Bronchiolitis continues to be a major health problem in Spain, as it generates thousands of consultations in primary care every year, a backlog in paediatric hospitalisation and intensive care wards, and millions in costs to the National Health System. Most of those who require hospital admission are healthy infants, without any known risk factor. The very high incidence of the disease and the absence of a specific treatment means that paediatricians are impassive in the face of this annual epidemic, unable to offer our patients either a preventive or therapeutic option. In November 2022, the European Medicines Agency granted marketing authorisation for a monoclonal antibody specific against respiratory syncytial virus (RSV) F protein, following results from initial trials in more than 3,000 infants that demonstrated greater than 75% efficacy in preventing RSV hospitalisations.

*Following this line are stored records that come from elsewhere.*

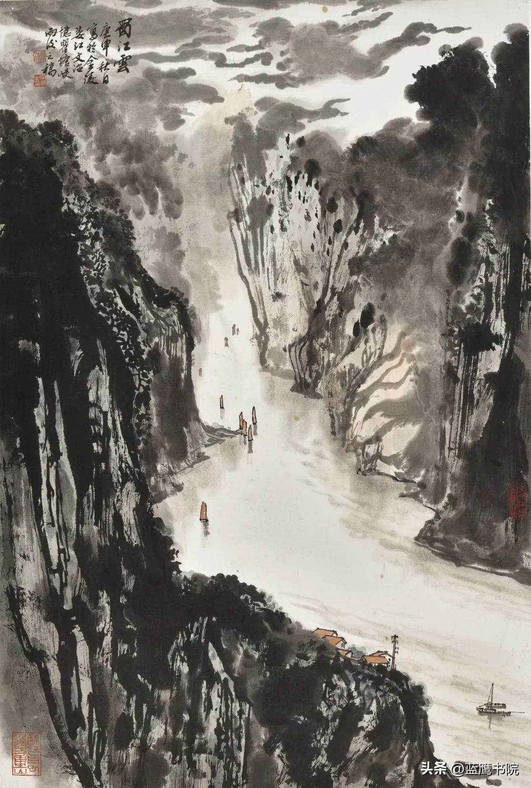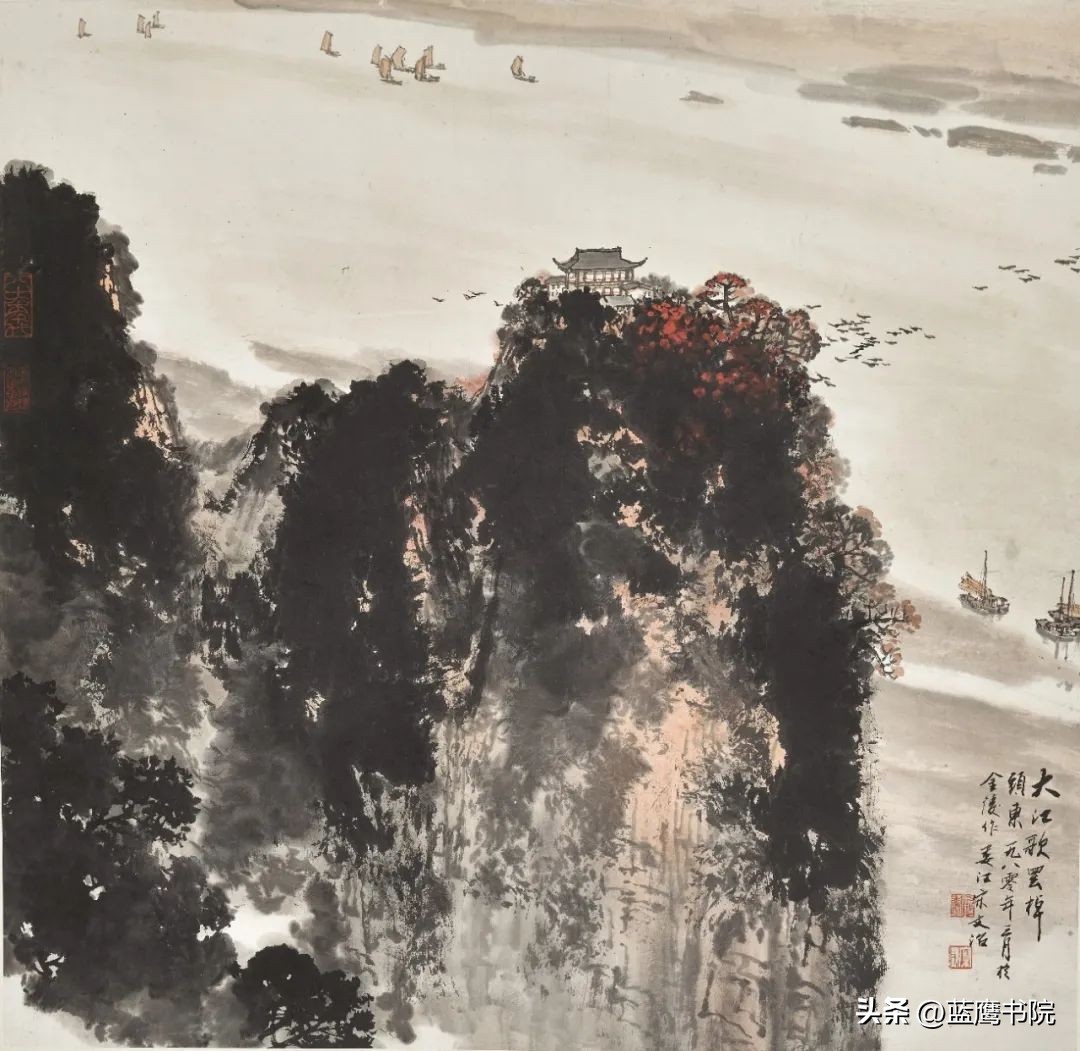 宋文治的山水画在构图上独具匠心,他善于捕捉山水间最具表现力的瞬间,并将其巧妙地组合在画面之中。无论是高远、深远还是平远的构图方式,他都能运用自如。
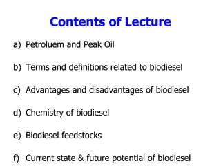 The document presents an overview of biodiesel, covering its production, benefits, and challenges. It highlights biodiesel as a renewable fuel alternative to diesel, with advantages including lower emissions and support for local economies, while also noting disadvantages like lower energy content and cold weather performance issues. The emphasis is on the importance of sustainable practices and advancements in production methods for the future of biodiesel.
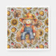 Um Único Napkin Para A Época De Queda, Patterado Em Girassóis, Perus, Abóboras, Cornucopia Em Caçadores E Laranjas Com Centro De Espantalho

Preliminary results from the HARMONIE study, conducted in over 8000 individuals, were reported in May 2023, representing the first real-life experience with the use of nirsevimab and showing greater than 80% efficacy in preventing hospitalisations for bronchiolitis. This text presents the arguments of the Vaccine Advisory Committee of the Spanish Association of Paediatrics to support the recommendation made by this group for its routine use in newborns and infants under 6 months of age in Spain.